Андрей Платонов - Алексей Варламов
Шрифт:
Интервал:
«Было бы дико и смешно сейчас, на пороге двадцатилетия Великой Октябрьской революции, возвращаться к азбучным истинам и доказывать, что развитие духовной деятельности человека требует в первую голову разгрома всяческих религиозных оков, уничтожения душного религиозного дурмана, которому так подвластны обмороки, отчаяние, смиренная косность и беспамятная жизнь платоновских героев Платоновский индивидуалист-кустарь лютует и юродствует, насколько ему только позволяет его разнузданное и озлобленное воображение уничтожает все нужное, полезное, общественное, брызжет слюной, называя всех горожан дураками. Это — настоящий бунт, слепой, неудержимый, дикий и жалкий в своей беспомощности. Источник его обезумевшей мстительной страстности — злоба, косность и отчаяние».

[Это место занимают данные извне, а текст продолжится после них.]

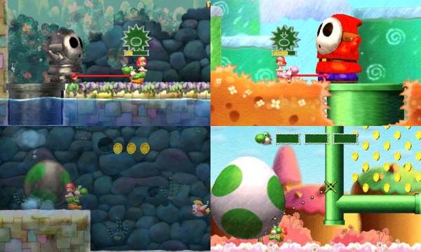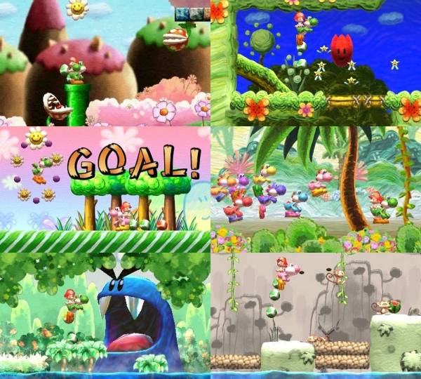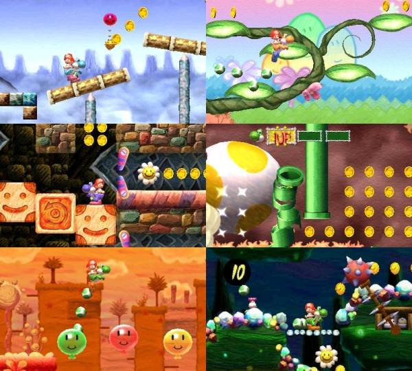 Seinen ersten Auftritt hatte der knuddelige Saurier und inzwischen treue Wegbegleiter von Mario aber 1990 in „Super Mario World“ auf dem Super Nintendo als Marios Sidekick, bevor er in „Super Mario World 2: Yoshi’s Island“ seine erste Hauptrolle bekam. Danach folgten viele Gastauftritte, u.a. in Puzzlespielen, in denen Yoshi auch mal die Hauptrolle spielte. Das nächste Jump’n’Run mit Yoshi war dann das im direkten Vergleich eher mäßige, aber dennoch niedliche „Yoshi’s Story“ auf dem Nintendo 64. Außerdem wurden die beiden „Super Mario World“-Teile als Remake (auch mit erweitertem Levelumfang) auf dem Gameboy Advance und dem Nintendo DS Re-Released, bevor mit „Yoshi’s Island DS“ ein erster Nachfolger erschien. Neue Geschichte, neue Gegner, aber inhaltlich trotzdem sehr ähnlich dem Original, konnte das Spiel überzeugen. Dennoch wirkte vieles an dem Game nur wie eine „aufgebohrte“ Version des Klassikers, auch wenn mit den Baby-Münzen, den Marioblöcken und einigen neuen Gegnern frische Elemente mit an Bord waren.

Впечатление такое, что это писал или по меньшей мере очень сильно правил Ермилов либо Фадеев, тем более что речь шла о рассказе «Усомнившийся Макар», за который Фадеев еще в 1929-м получил разнос от Сталина, а Платонов от Леопольда Авербаха, на момент написания Гурвичем и компанией статьи «Андрей Платонов», впрочем, уже арестованного. Но важно даже не это обстоятельство, а то, что писателя пытались судить второй раз за преступление, по которому он уже фактически отбыл срок, хлебнув сполна на рубеже 1920—1930-х. Причина подобной неразборчивости или слишком хорошей разборчивости в выборе средств была очевидна: объектом нападок «Красной нови» выступал не только Андрей Платонов, но и почтенная редколлегия журнала «Литературный критик», на чьих страницах оставил свои следы во время оно и сам Гурвич. И подтекст статьи в «Красной нови» легко прочитывался: гляньте, высоколобые марксисты-литкритики или как вас там, кого вы пригрели и пропагандируете.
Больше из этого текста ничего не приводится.